The Karpathy Critique

Andrej Karpathy dismissed the "Humanity's Last Exam" framing as "a bit much, and misleading." His argument: while AI will solve any problem served neatly as a multiple-choice test, real-world jobs require sustained, multi-step, error-correcting workflows — something benchmarks fundamentally can't capture. The gap between test performance and job performance remains the critical unsolved problem.

Part 6

The Enterprise Reality: The ROI Gap

For enterprise leaders, the benchmark race raises an uncomfortable question: if AI is getting so much smarter, why aren't the results showing up in the bottom line?

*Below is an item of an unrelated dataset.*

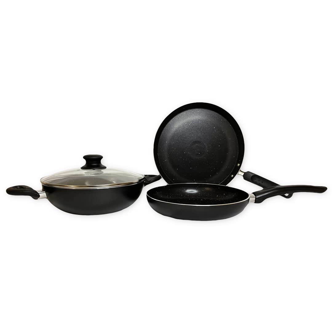 Non Stick Set | Lid (1Pcs) | Non Stick Tawa | Non Stick Kadai | Non Stcik Frying Pan | Stove & Induction Cookware| Multipurpose Lid for Kadhai & Fry Pan (Non Stick Set with Lid - Black)

Figure 6: The enterprise AI paradox. CEO optimism (80%) and AI adoption (88%) are at all-time highs, but only 14% of CFOs report measurable ROI. The gap between deploying AI and profiting from it is the central challenge of 2026.

The Numbers That Matter

BCG AI Radar 2026: 80% of CEOs are more optimistic about AI ROI, and >30% of AI budgets are committed to agentic AI. But MIT found a 95% failure rate for enterprise GenAI projects (no measurable financial returns within 6 months). Accenture found that companies with AI-led processes achieve 2.5x higher revenue growth — but this describes only the top 25% of performers.

Gartner predicts 40% of enterprise applications will embed AI agents by end of 2026, up from less than 5% in 2025 — an 8x increase. The market for AI agents is projected to grow from $7.84 billion (2025) to $52.62 billion (2030) at 46.3% CAGR.

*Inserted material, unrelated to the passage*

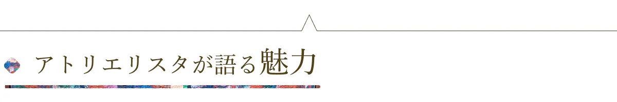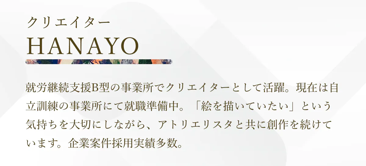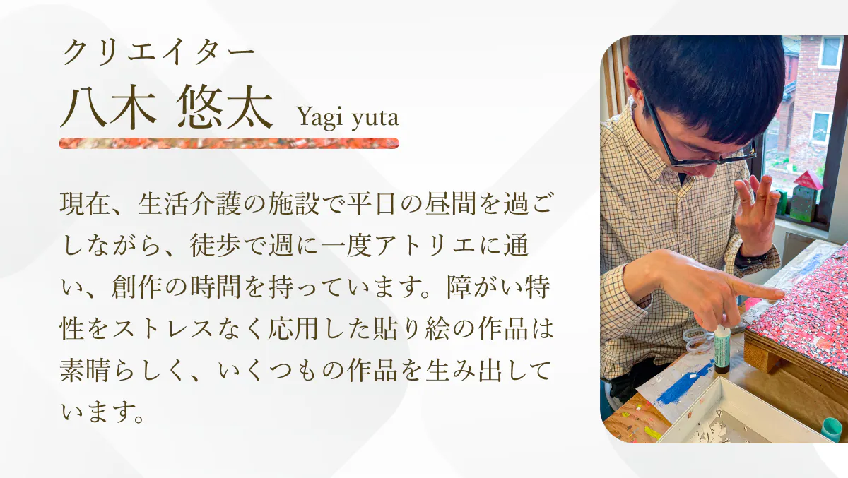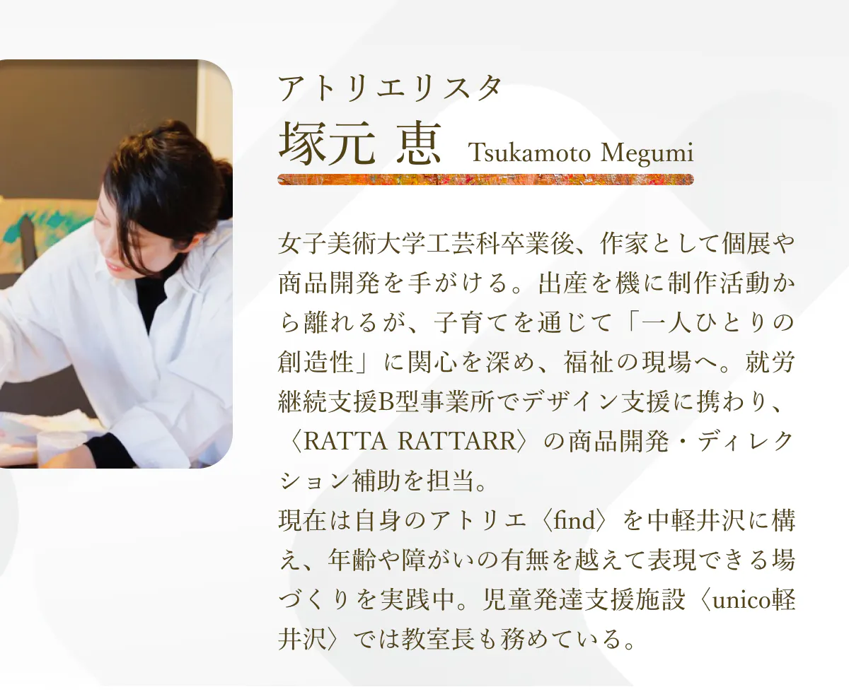 このブランドの原点には、さまざまな障害や環境の制約によって、本来の才能や情熱が発揮されず、社会から遠ざかってしまっている人たちの存在があります。彼らはアトリエに通い、福祉専門職員のケアやアトリエリスタの声がけ・提案を受けながら、支え合う中で作品を生み出します。

As BCG put it: "ROI will be the acronym of 2026 and beyond." The models are ready. The question is whether organizations are.

Part 7

What This Means for Enterprise Leaders

1. Adopt a Multi-Model Strategy

No single model is best at everything. Use Claude Opus 4.6 for agentic coding and professional workflows. Use GPT-5.2 for abstract math and research. Use Gemini 3 Pro for multimodal science. Use open-source models (DeepSeek R1, Phi-4) for high-volume budget workloads. Model routing is becoming a core competency.

2. Buy Reasoning Depth, Not Just Speed

Inference-time scaling means you can now trade cost for quality. Claude's Adaptive Thinking, OpenAI's extended reasoning, and Google's Deep Think all let you dial up reasoning for hard problems. Budget for this — the productivity gains on complex tasks justify the per-token premium.

3. Don't Chase Benchmarks — Chase Workflows

Karpathy is right: benchmark scores don't translate directly to job performance. Focus on GDPval-style evaluations that measure real-world tasks in your industry, not academic tests. The models that win on HLE may not be the models that win on your specific workflows.